Lalu pertanyaannya adalah, bagaimana menjadi wisatawan pintar? Wisatawan
atau pengunjung, atau dalam istilah lain disebut pelancong, adalah orang yang datang ke suatu objek wisata dengan
tujuan; pertama, hanya sekedar
rekreasi atau menikmati objek wisata yang ada di suatu daerah, dan kedua, untuk
memperoleh pengetahuan (edukasi) tentang objek yang ia kunjungi. Siapa saja
yang ingin berekreasi, baik secara personal, bersama teman atau keluarga,
hendaknya juga memiliki rasa ‘tanggung-jawab’ terhadap lokasi yang ia kunjungi.
Misalnya, menjaga kebersihan lokasi dengan tidak membuang sampah sembarangan,
memelihara lokasi wisata dengan tidak mengubah benda-benda yang ada, dan
menjaga lokasi atau benda-benda yang ada di tempat wisata agar tetap seperti
apa adanya dengan tidak memindahkan, merusak, atau bahkan menghancurkannya.
Sungguh disayangkan bila terlalu banyak wisatawan yang ‘bertangan jahil’ merusak benda-benda
bersejarah atau hasil karya seniman yang mungkin harganya tak ternilai seperti
yang terdapat di Museum Tsunami Aceh. Banyak karya ‘pajangan’ yang kini sudah
tidak lagi seperti bentuk aslinya bahkan ada yang dirusak oleh wisatawan. Foto-foto
berikut ini menunjukkan betapa wisatawan lokal memiliki ‘keingintahuan’ yang
terlalu berlebihan sehingga mengakibatkan benda-benda yang ada di museum menjadi
rusak dengan adanya ‘tangan-tangan jahil’ yang ingin menyentuh, memegang,
bahkan mengambil hasil karya yang terpajang di Museum Tsunami Aceh.
Miniatur
menara Mesid Raya Baiturrahman di salah satu alat peraga Museum Tsunami yang
terdapat di dalam Diorama Bentang Alam Sebelum dan Setelah Tsunami ‘hilang’.
Menara ini diambil oleh pengunjung yang berwisata ke Museum Tsunami Aceh.

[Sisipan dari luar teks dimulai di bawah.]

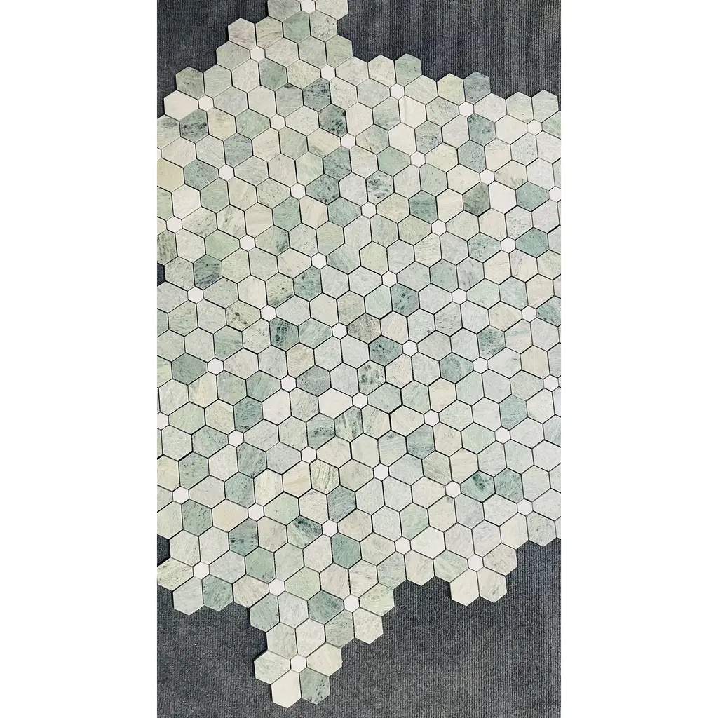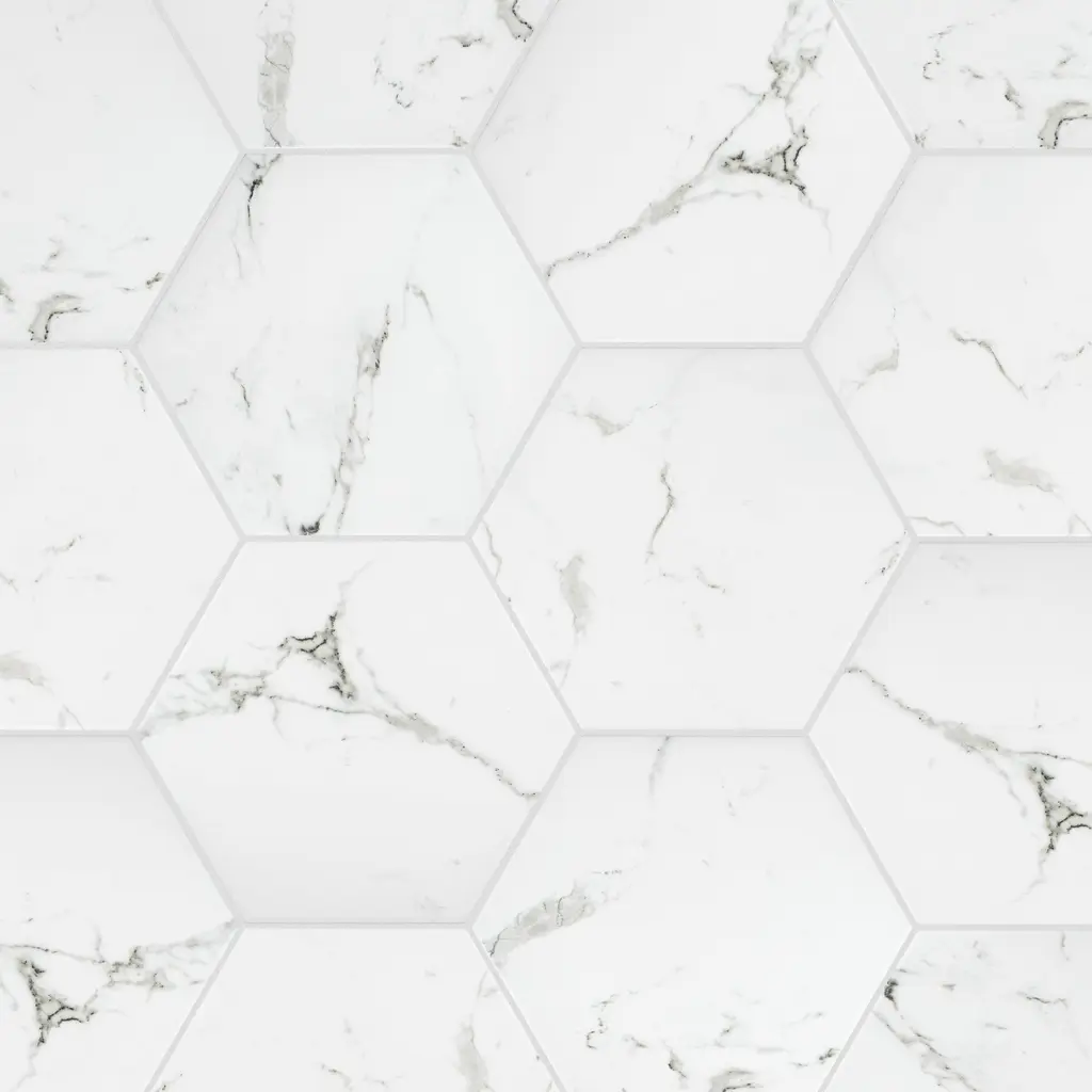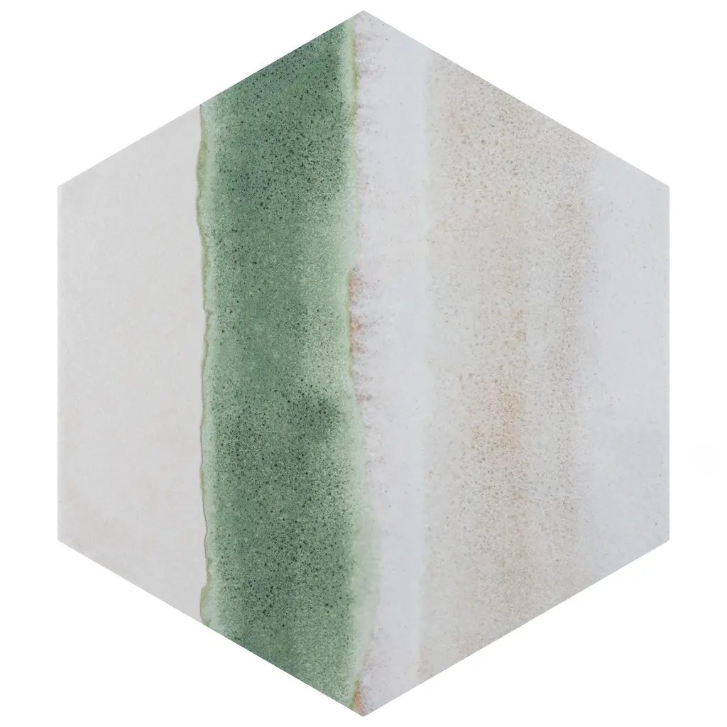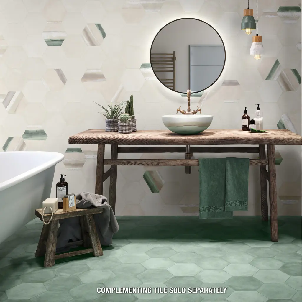 Reinterpreting the beauty of land and sea from an artist's viewpoint, our Matter Canvas Hex Bone Green Porcelain Floor and Wall Tile offers a highly personal and unique view of nature's most beautiful landscapes. This hexagon tile features brushstroke patterns in soft pink, beige, green and white tones that echo the look and feel of sandy beaches, rolling waves and endless horizons. As a result of refined digital inkjet techniques and color blending, this tile offers exquisite depth and dimension that is further enhanced by its textured, mixed finish surface. Available in twenty-six print variations that are randomly distributed throughout each case, this tile offers a truly one-of-a-kind look. Its impervious, frost-resistant, and durable features make it an ideal choice for both indoor and outdoor commercial and residential installations including kitchens, bathrooms, backsplashes, showers, and pools. This tile is an ideal choice on its own or paired with other products in our Matter Collection to create a customized installation. Tile is the better choice for your space. This tile is made from natural ingredients, making it a healthy choice as it is free from allergens, VOCs, formaldehyde, and PVC. 3.8 square feet, 10 pieces per case. Case weight is 14.77 lbs. Grade 1, first-quality porcelain tile for floor and wall use 7.88 in. width x 9 in. length x 0.31 in. thick Glazed, slightly textured finish with a mixed finish and random variation in tone PEI Rating V is suitable for both residential and high-traffic commercial use including extra heavy-duty floors and areas subject to severe pedestrian traffic over sustained periods with some dirt such as shopping centers, airport concourses, public walkways and industrial applications Impervious tiles have a water absorption of less than 0.5% for indoor and outdoor use and are frost resistant This tile is ADA approved for slip resistance with a DCOF value of 0.42 or higher. Completely frost resistant for indoor or outdoor applications; use a latex-modified thinset for acceptable bond strength Please note: A sample of this product may be a partial piece cut from the full size tile in order to provide an affordable and convenient way for customers to judge the quality and finish of this item. Samples are not returnable.

Tiang miniatur Kapal PLTD Apung yang terdapat di Ruang Pamer Tsunami
pun turut dirusak oleh pengunjung yang berwisata ke museum.
Bahkan
kerusakan yang lebih ‘ekstrim’ terdapat di dalam diorama Situasi Setelah Gempa
di Ruang Pamer Tsunami. Miniatur pohon ‘dicopot’ dan ‘dirusak’ oleh wisatawan.
Kerusakan yang terjadi di beberapa alat peraga Museum Tsunami bervariasi,
seperti benda yang patah, copot, pecah, atau hancur. Namun selain dirusak
secara sengaja oleh wisatawan, terdapat pula benda-benda yang berubah posisi
atau berpindah bahkan hilang. Selain benda-benda dalam alat peraga yang menjadi
‘sasaran’ wisatawan nakal, sampah seperti bungkus permen, tisu, kertas,
bungkusan makanan, bahkan permen karet pun pernah dibuang ke dalam alat peraga.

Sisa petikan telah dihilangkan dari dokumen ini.